The number of different first chimeric genes introduced into the plurality of host 
cells in the methods described herein can be at least 100, at least 1,000, at least 10,000, at 
least 100,000, at least 1,0000,000, at least 10,000,000, at least 100,000,000, at least 
1,000,000,000, or more. 

The number of different second chimeric genes introduced into the plurality of 
host cells in the methods described herein can be at least 100, at least 1,000, at least 
10,000, at least 100,000, at least 1,0000,000, at least 10,000,000, at least 100,000,000, at 
least 1,000,000,000, or more. 

In some embodiments, the numbers of different first and second chimeric genes 
used in a single two-hybrid assay can vary.

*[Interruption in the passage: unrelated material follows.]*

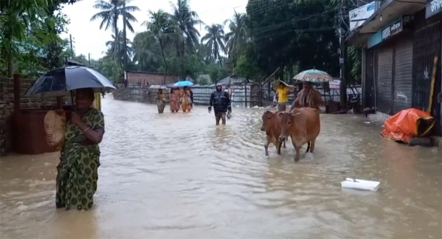 গঞ্জপাড়া, অপর্ণা চৌধুরী পাড়া, রাজ্যমনি পাড়া, কালাডেবা, বটতলী, ফুটবিল এলাকার নিচু এলাকায় পানি উঠেছে।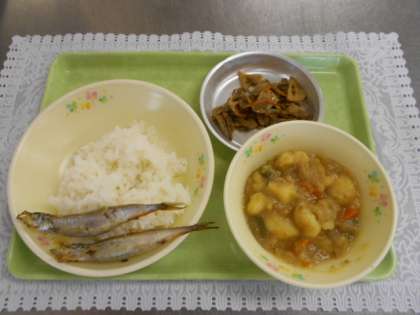 今日の献立は、ごはん、焼きししゃも、じゃがいものそぼろ煮、れんこん入りきんぴら、牛乳でした。

For example, the ratio of different first 
chimeric genes to different second chimeric genes (or vice versa) used in a single assay 
can be 10 fold, 100 fold, 1,000 fold, 10,000 fold, 100,000 fold, or more. In some 
embodiments, only one first or second chimeric gene is used to screen against a plurality 
of first or second chimeric genes. 

In some embodiments, a first DNA-binding domain is encoded by the first 
chimeric gene introduced into a first subset of the plurality of host cells, and a second 
DNA-binding domain is encoded by the first chimeric gene introduced into a second 
subset of the plurality of host cells. A third DNA-binding domain can be encoded by the 
first chimeric gene introduced into a third subset of the plurality of host cells. Additional 
DNA-binding domains, e.g., four, five, six, or more can be used in the methods described 
herein. 

In some embodiments, the DNA-binding domain is fused to the amino terminus 
of the first polypeptide sequence in a first subset of the plurality of host cells, and the 
DNA-binding domain is fused to the carboxy terminus of the first polypeptide sequence 
in a second subset of the plurality of host cells. 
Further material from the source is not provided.